Inspectus provides visualization tools for attention mechanisms in deep learning models. It provides a set of comprehensive views, making it easier to understand how these models work.

Preview

Attention visualization

Click a token to select it and deselect others. Clicking again will select all again. To change the state of only one token, do shift+click

Components

Attention Matrix: Visualizes the attention scores between tokens, highlighting how each token focuses on others during processing.

Query Token Heatmap: Shows the sum of attention scores between each query and selected key tokens

Key Token Heatmap: Shows the sum of attention scores between each key and selected query tokens

Dimension Heatmap: Shows the sum of attention scores for each item in dimensions (Layers and Heads) normalized over the dimension.

Usage

Import the library

import inspectus

Simple usage

# attn: Attention map; a 2-4D tensor or attention maps from Huggingface transformers
inspectus.attention(attn, tokens)

For different query and key tokens

inspectus.attention(attns, query_tokens, key_tokens)

For detailed API documentation, please refer to the official documentation.

Tutorials

Huggingface model

from transformers import AutoTokenizer, GPT2LMHeadModel, AutoConfig
import torch
import inspectus

# Initialize the tokenizer and model
context_length = 128
tokenizer = AutoTokenizer.from_pretrained("huggingface-course/code-search-net-tokenizer")

config = AutoConfig.from_pretrained(
    "gpt2",
    vocab_size=len(tokenizer),
    n_ctx=context_length,
    bos_token_id=tokenizer.bos_token_id,
    eos_token_id=tokenizer.eos_token_id,
)

model = GPT2LMHeadModel(config)

# Tokenize the input text
text= 'The quick brown fox jumps over the lazy dog'
tokenized = tokenizer(
    text,
    return_tensors='pt',
    return_offsets_mapping=True
)
input_ids = tokenized['input_ids']

tokens = [text[s: e] for s, e in tokenized['offset_mapping'][0]]

with torch.no_grad():
    res = model(input_ids=input_ids.to(model.device), output_attentions=True)

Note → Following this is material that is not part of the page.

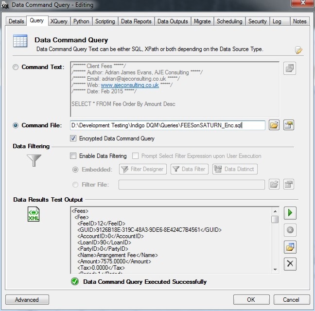 The Data Command Query can be encrypted for added security using the Advanced Encryption Standard (AES) with a 256-bit encryption key. Check the option and the Data Command will be encrypted in the Data Asset Store. If the option is enabled for the Command File then the Command File must be encrypted by the Encryption Tool. You can save a Data Command Query from the Query Designer and use the Encryption Tool to encrypt the Command File.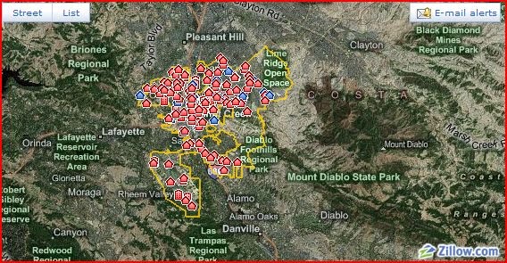 All those little red houses, like pieces on a Monopoly board, signify homes in foreclosure in Walnut Creek, according to Zillow.com. The concentration of red on this map may still not be as bad as you would find in a Zillow map of a more notoriously hard-hit East Contra Costa County town such as Antioch. But, still it is disconcerting to see this happening in Walnut Creek neighborhoods–and sad for the people facing foreclosure.

# Visualize the attention maps using the Inspectus library
inspectus.attention(res['attentions'], tokens)

Check out the notebook here: Huggingface Tutorial Open In Colab

Custom attention map

import numpy as np
import inspectus

# 2D attention representing attention values between Query and Key tokens
attn = np.random.rand(3, 3)

# Visualize the attention values using the Inspectus library
# The first argument is the attention matrix
# The second argument is the list of query tokens
# The third argument is the list of key tokens
inspectus.attention(arr, ['a', 'b', 'c'], ['d', 'e', 'f'])

Check out the notebook here: Custom attention map tutorial

Open In Colab

Token Visualization

This tool is used to visualize some metric related to tokens. This supports multiple metrics and the metric used for the visualization can be selected using the dropdown. Along with metrics, any aditional information can be added to tokens.

Preview

Token Visualization

Usage

import inspectus

inspectus.tokens(['hello', 'world'], np.random.rand(2))

Distribution Plot

The distribution plot is a plot that shows the distribution of a series of data. At each step, the distribution of the data is calculated and maximum of 5 bands are drawn from 9 basis points. (0, 6.68, 15.87, 30.85, 50.00, 69.15, 84.13, 93.32, 100.00)

Preview

Distribution Plot visualization

Usage

import inspectus

inspectus.distribution({'x': [x for x in range(0, 100)]})

To focus on parts of the plot and zoom in, the minimap can be used. To select a single plot, use the legend on the top right.

For comprehensive usage guide please check the notebook here: Distribution Plot Tutorial

Open In Colab

Sample Use case

This plot can be used to identify the existence of outliers in the data. Following notebooks demonstrate how to use the distribution plot to identify outliers in the MNIST training loss.

MNIST

Open In Colab

Setting up for Development

Development Docs

Citing

If you use Inspectus for academic research, please cite the library using the following BibTeX entry.

@misc{inspectus,
 author = {Varuna Jayasiri, Lakshith Nishshanke},
 title = {inspectus: A visualization and analytics tool for large language models},
 year = {2024},
 url = {https://github.com/labmlai/inspectus},
}

Project details


Download files

Download the file for your platform. If you're not sure which to choose, learn more about installing packages.

Source Distribution

inspectus-0.2.0.tar.gz (116.3 kB view details)

Uploaded Source

Built Distribution

If you're not sure about the file name format, learn more about wheel file names.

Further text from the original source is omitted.